→ Required action: Return the records below exactly; pictures stay out.

Items from a data source
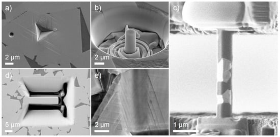 - Kiener, D.; Motz, C.; Dehm, G.; Pippan, R. Overview on established and novel FIB based miniaturized mechanical testing using in-situ SEM. Int. J. Mater. Res. 2009, 100, 1074–1087. [Google Scholar] [CrossRef]
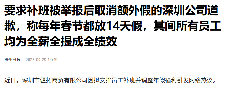当一家以14天年假著称的商贸公司,因台风补班争议登上热搜时,这场劳动权益的博弈已然超出普通职场纠纷的范畴。深圳疆拓商贸公司用一纸取消年假的通知,将企业与员工的矛盾推向舆论风口,也暴露出部分企业在现代劳动管理中的认知缺陷。
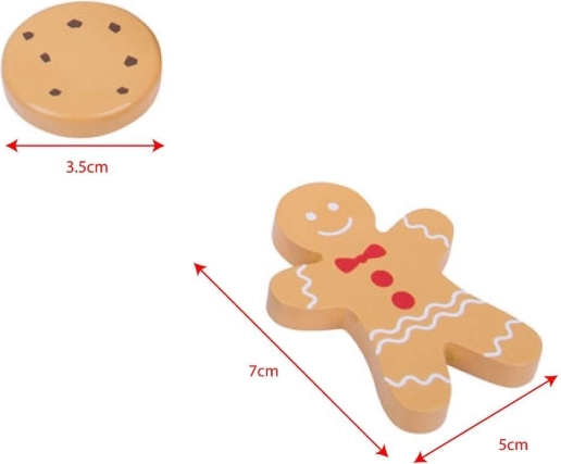 Bemutatjuk a fa dobozt játék sütikkel, amely kedvelt sütik válogatását tartalmazza, beleértve mézeskalácsokat és más finomságokat. Ez a készlet lehetőséget ad a kisgyermekeknek, hogy kreativitásukat fejlesszék a sütés által inspirált játék révén.
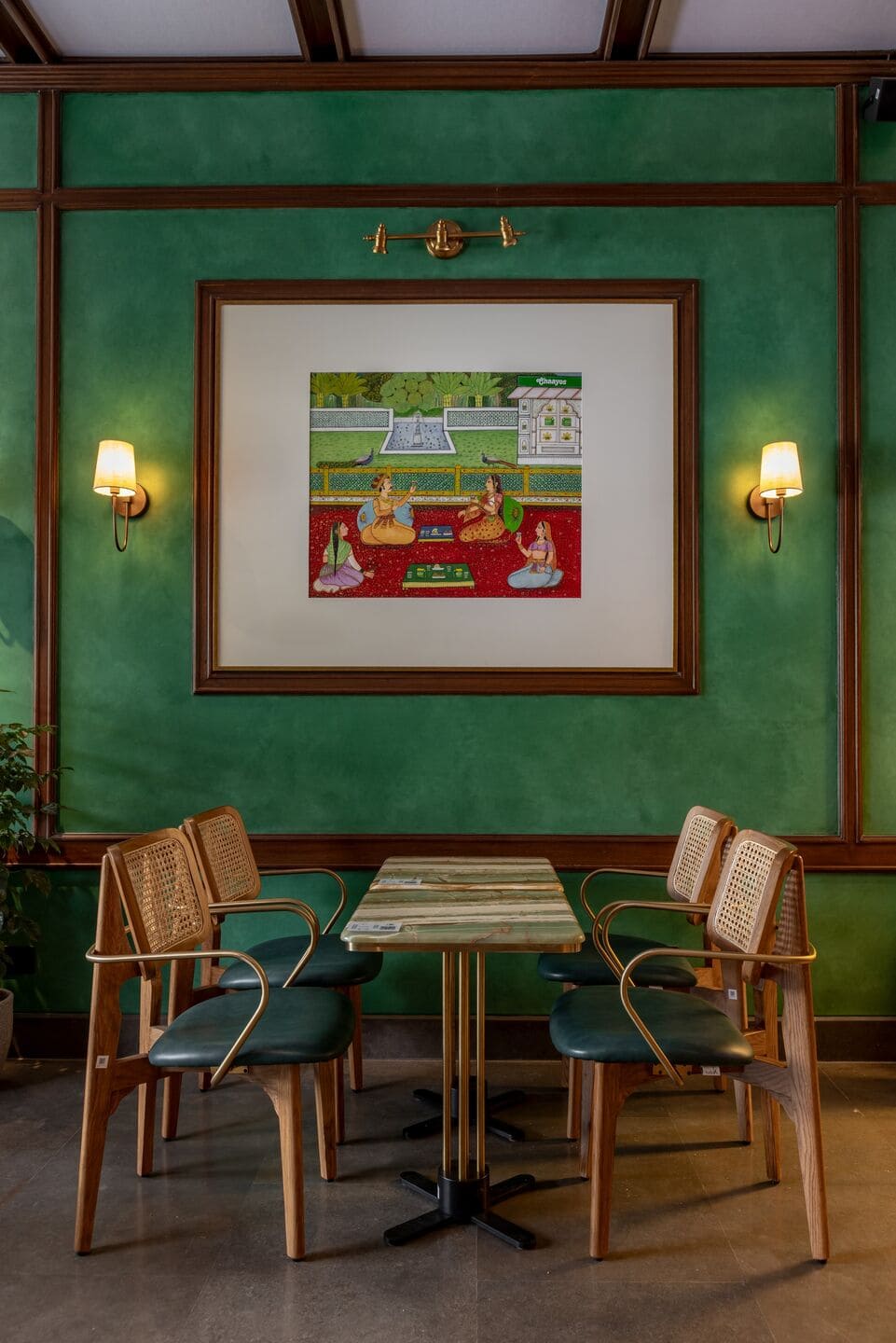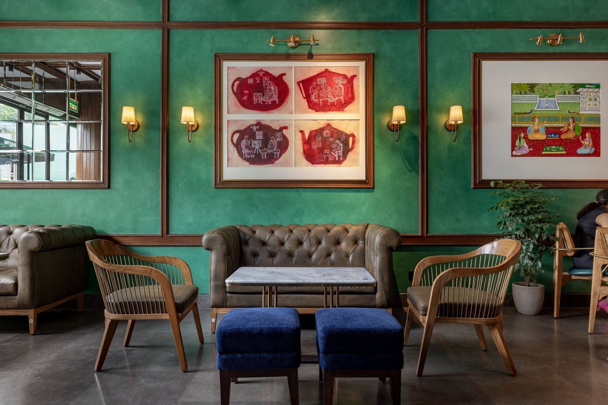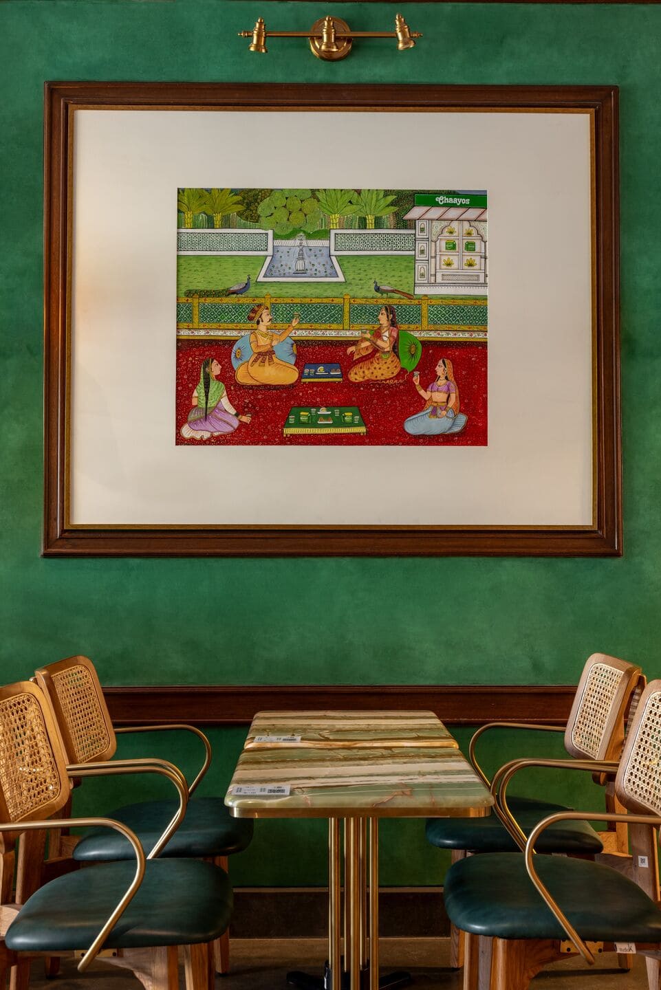 Across Chaayos outlets, Indian arts and crafts take centre stage, reflecting a commitment to local artisanship and cultural heritage. In the Aerocity café, this vision comes alive through contemporary, tea-themed versions of traditional art forms done in collaboration with local artists. A simplified rendition of Phulkari weaves from Punjab, in vibrant greens, evoke the tea plantations on the hills of Darjeeling and Munnar. An artform from Rajasthan, a three-part Warli art offers an abstract depiction of tea collection and processing. In a Mughal miniature painting, royal subjects are imagined indulging in tea within palace courtyards. Chai thus becomes a unifying identity that celebrates the diversity of India and its culture.
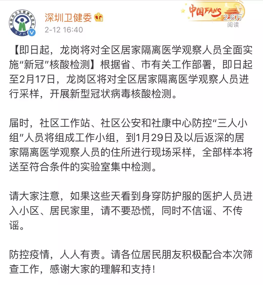 徹底“排雷”!深圳免費(fèi)為所有居家隔離者檢測(cè)“新冠”病毒核酸
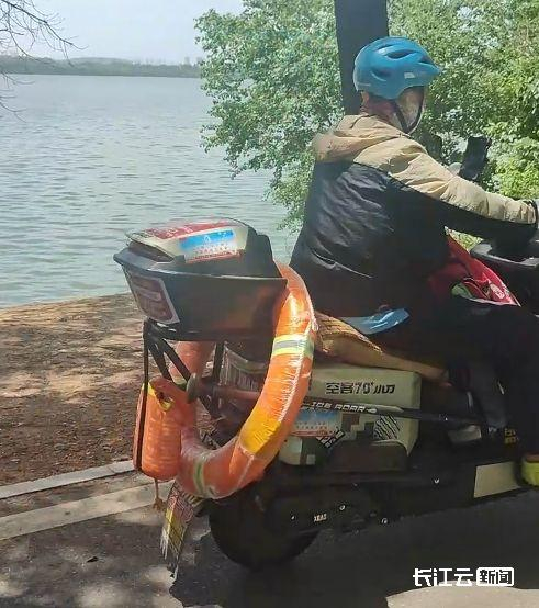 “我送餐的范围主要在藏龙岛一带,这里三面环水。有一天晚上一个女孩想跳水轻生,我穿着救生衣才敢下水救人。现在我把这些装备都带上,就是想万一遇到事儿,就能帮上忙。”
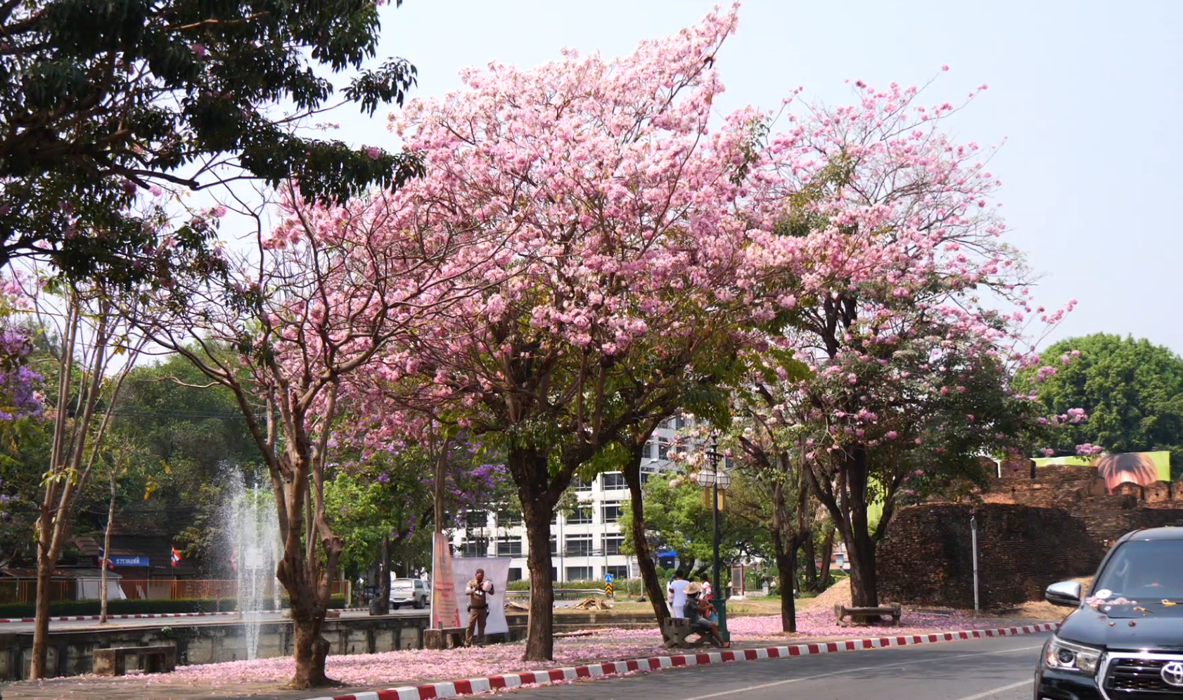 ชี้เป้า จุดถ่ายรูปเชียงใหม่ รอบคูเมือง บริเวณแจ่งกูเฮือง ชมพูพันธ์ทิพย์บานอวดความสวยงามต้อนรับลมร้อน โดยดอกสีชมพูจำนวนมากที่ร่วงหล่นลงเต็มทางเท้าจนกลายเป็นลานดอกไม้สีชมพูทำให้ประชาชนและนักท่องเที่ยวที่ผ่านไปพบเห็นต่างอดใจไม่ไหว พากันแวะไปถ่ายภาพเก็บความสวยงามอวดโลกโซเชียล ไม่เว้นแม้แต่ตำรวจจราจรที่ดูแลพื้นที่บริเวณดังกล่าวก็ยังขอแวะไปถ่ายภาพกับเขาด้วย

→ Output of the exercise:
 - Kiener, D.; Motz, C.; Dehm, G.; Pippan, R. Overview on established and novel FIB based miniaturized mechanical testing using in-situ SEM. Int. J. Mater. Res. 2009, 100, 1074–1087. [Google Scholar] [CrossRef]
当一家以14天年假著称的商贸公司,因台风补班争议登上热搜时,这场劳动权益的博弈已然超出普通职场纠纷的范畴。深圳疆拓商贸公司用一纸取消年假的通知,将企业与员工的矛盾推向舆论风口,也暴露出部分企业在现代劳动管理中的认知缺陷。
 Bemutatjuk a fa dobozt játék sütikkel, amely kedvelt sütik válogatását tartalmazza, beleértve mézeskalácsokat és más finomságokat. Ez a készlet lehetőséget ad a kisgyermekeknek, hogy kreativitásukat fejlesszék a sütés által inspirált játék révén.
 Across Chaayos outlets, Indian arts and crafts take centre stage, reflecting a commitment to local artisanship and cultural heritage. In the Aerocity café, this vision comes alive through contemporary, tea-themed versions of traditional art forms done in collaboration with local artists. A simplified rendition of Phulkari weaves from Punjab, in vibrant greens, evoke the tea plantations on the hills of Darjeeling and Munnar. An artform from Rajasthan, a three-part Warli art offers an abstract depiction of tea collection and processing. In a Mughal miniature painting, royal subjects are imagined indulging in tea within palace courtyards. Chai thus becomes a unifying identity that celebrates the diversity of India and its culture.
 徹底“排雷”!深圳免費(fèi)為所有居家隔離者檢測(cè)“新冠”病毒核酸
 “我送餐的范围主要在藏龙岛一带,这里三面环水。有一天晚上一个女孩想跳水轻生,我穿着救生衣才敢下水救人。现在我把这些装备都带上,就是想万一遇到事儿,就能帮上忙。”
 ชี้เป้า จุดถ่ายรูปเชียงใหม่ รอบคูเมือง บริเวณแจ่งกูเฮือง ชมพูพันธ์ทิพย์บานอวดความสวยงามต้อนรับลมร้อน โดยดอกสีชมพูจำนวนมากที่ร่วงหล่นลงเต็มทางเท้าจนกลายเป็นลานดอกไม้สีชมพูทำให้ประชาชนและนักท่องเที่ยวที่ผ่านไปพบเห็นต่างอดใจไม่ไหว พากันแวะไปถ่ายภาพเก็บความสวยงามอวดโลกโซเชียล ไม่เว้นแม้แต่ตำรวจจราจรที่ดูแลพื้นที่บริเวณดังกล่าวก็ยังขอแวะไปถ่ายภาพกับเขาด้วย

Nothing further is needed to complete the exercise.